Ensure you have good indemnity clauses in your associate contracts in respect of insurance cover and indemnifying the practice if a claim is issued against it. This should include indemnification for the practice’s legal costs in defending any claim.
Why should dental practices be more concerned with the recent Supreme Court decision in Uber?
For many years the employment tribunals have looked at the reality of any relationship when determining worker status. This means the tribunal can look beyond any labels given in a contract to determine worker status. Therefore, simply because a contract expresses itself to be a self-employed contract, does not mean the tribunal will accept this label.
We have been raising this issue for a number of years now. The spate of cases being heard on this matter reflects the courts desire to stamp out sham self-employment.

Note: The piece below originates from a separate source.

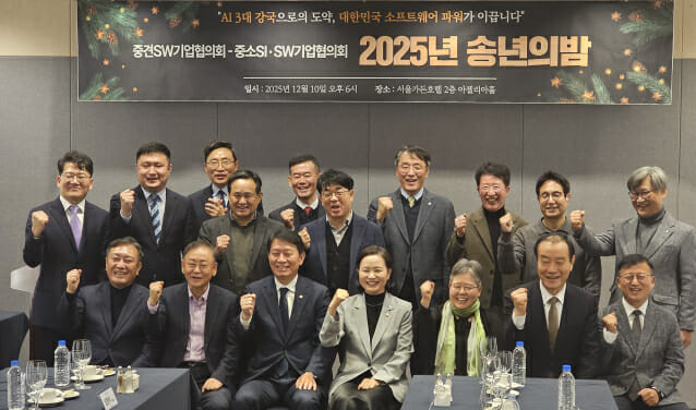 "소프트웨어는 공기와 같아서 평소엔 그 소중함을 모르지만, 문제가 생기면 그때야 깨닫습니다. 공기가 생명 유지에 필수적이듯 SW는 산업의 생명줄입니다. SW가 '비싼 값'을 하는 만큼, 제값을 받는 환경을 만들겠습니다." 조국혁신당 이해민 의원이 10일 열린 서울 마포구 서울가든호텔에서 열린 '2025년 중견-중소SW기업협의회 송년의 밤' 행사에서 SW의 가치를 '공기'와 '비싼 자원'에 비유하며 산업 생태계의 질적 성장을 위한 입법 활동을 약속했다. 이날 행사에는 국회 과학기술정보방송통신위원회(이하 과방위) 소속 더불어민주당 조인철 의원, 조국혁신당 이해민 의원을 비롯해 정부 및 업계 관계자 20여 명이 참석해 성황을 이뤘다. 이해민 의원은 "IT 업계 출신으로서의 자아와 입법부 일원으로서의 자아가 섞여 있다"고 운을 떼며 "소프트웨어는 한번 만들고 끝나는 물건이 아니라 지속적인 관리가 필요한 고부가가치 영역이므로, 그에 합당한 '비싼 값'을 치러야 한다"고 강조했다. 특히 그는 "정부가 화려해 보이는 AI 사업에만 몰두할 때, 실제 그 기술을 실핏줄처럼 현장에 적용하는 것은 여기 계신 중견·중소 기업들의 몫"이라며 "SW 기업들이 공정한 대가를 받을 수 있도록 '소프트웨어 적정 절차 선정 법안' 등 관련 입법을 지속 추진하겠다"고 밝혔다. 이어 더불어민주당 조인철 의원은 기획재정부 예산실 출신의 경험을 살려 공공부문의 불합리한 발주 관행을 꼬집었다. 조 의원은 "공공사업 진행 중 과업이 변경되어도 예산은 그대로인 경우가 많아 기업들이 '울며 겨자 먹기'로 손해를 감수하거나 소송으로 내몰리고 있다"며 "공공부문이 먼저 모범을 보여야 하며, 국회 차원에서 이러한 불공정한 관행을 하나하나 찾아 없애겠다"고 강조해 참석 기업인들의 큰 호응을 얻었다. 또한 국회 과방위 야당 간사인 더불어민주당 김현 의원과 이정헌 의원도 영상 축사를 보내왔다. 김현 의원은 "어려운 환경 속에서도 혁신을 멈추지 않은 기업인들의 노고"를 치하했고, 이정헌 의원은 "AI 시대를 움직이는 근본 동력인 SW 산업에 대한 지속적인 지원"을 약속했다. 행사를 주최한 김상욱 중견SW기업협의회 회장과 조미리애 중소SI·SW기업협의회 회장은 "국회와 정부가 현장의 목소리에 귀 기울여주신 점에 감사드린다"며 "우리 협의회도 내년에는 더욱 단합하여 SW 산업이 국가 경쟁력의 핵심으로 자리 잡도록 노력하겠다"고 화답했다. 이 밖에도 조경래 과학기술정보통신부 소프트웨어산업과장, 최효근 한국IT서비스산업협회 상근부회장을 비롯해 최현택 대신정보통신 대표, 신장호 아이티센엔텍 대표, 서일종 시스원 대표 등 주요 인사들이 참석해 2026년 도약을 위한 결의를 다졌다.

The Uber case is not necessarily new law, but it does highlight the need to ensure your contracts reflect the reality of any relationship.
When determining if an associate is a worker the tribunal will ask;
- Does the associate personally perform the services or can they send a substitute?
- Is the associate in business in their own right?
- What control does the practice have over the associate?
The Uber decision confirmed that the question on worker status was a statutory question not a contractual question, and inferred the contract will have little weight in determining this question.
Most dental contracts we see contain a locum clause. However, are those locum clauses actually used by the associate or enforced by the practice?
We have acted for many dentists and dental practices over the years on the issue of worker status. In our experience if a practice can show a locum clause has been used, even if not by the claimant but by another associate, the claimant is likely to be found to be genuinely self-employed. Conversely, if there is a locum clause but the reality is associates must work together to meet UDA targets and cover for each other, the claimant is likely to be deemed to be a worker.
If your contract contains no locum clause at all, you are in an extremely risky position as regards your associates being found to be workers.
Ensure your associate contracts contain well drafted locum clauses. If an associate has sickness absences or wants to take an extended break, insist they engage a locum to cover those periods. If an associate asks to engage a locum, agree to this.